Où ton père, ô chère âme, éloquent et pieux,
Dans un dernier baiser t’a confiée aux Dieux !



HYPATIE.


Nourrice, calme-toi. Cette terreur est vaine :
Je n’ai point mérité la colère et la haine.
Quel mal ai-je donc fait ? Ma vie est sans remord.
Les Moines du désert, dis-tu, veulent ma mort ?
Je ne les connais point, ils m’ignorent de même,
Et de fausses rumeurs troublent ton cœur qui m’aime.



LA NOURRICE.


Non ! J’ai trop entendu leurs cris barbares ! Non,
Je ne m’abuse point.
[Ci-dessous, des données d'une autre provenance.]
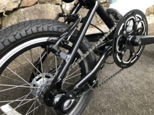 このサイズの自転車はとても小回りが効くので、街中では自由自在です。リアホイールは3速の内装ギアが装備されていますが、アシストを効かせていれば、よほどの急坂にならない限り、3速に入れたままで軽快に走ってしまいます。

Tous maudissent ton nom.
Leur âme est furieuse, et leur face enflammée.
Ils te déchireront, ma fille bien aimée,
Ces monstres en haillons, pareils aux animaux
Impurs, qui vont toujours prophétisant les maux,
Qui, rongés de désirs et consumés d’envie,
Blasphèment la beauté, la lumière et la vie !
Demeure, saine et sauve, à l’ombre du foyer.



HYPATIE.


J’ai dans ma conscience un plus sûr bouclier.
Le peuple bienveillant m’attend sous le portique
Où ma voix le rappelle à la sagesse antique.
J’irai, chère nourrice ; et, bien avant le soir,
Tu reverras ta fille ayant fait son devoir.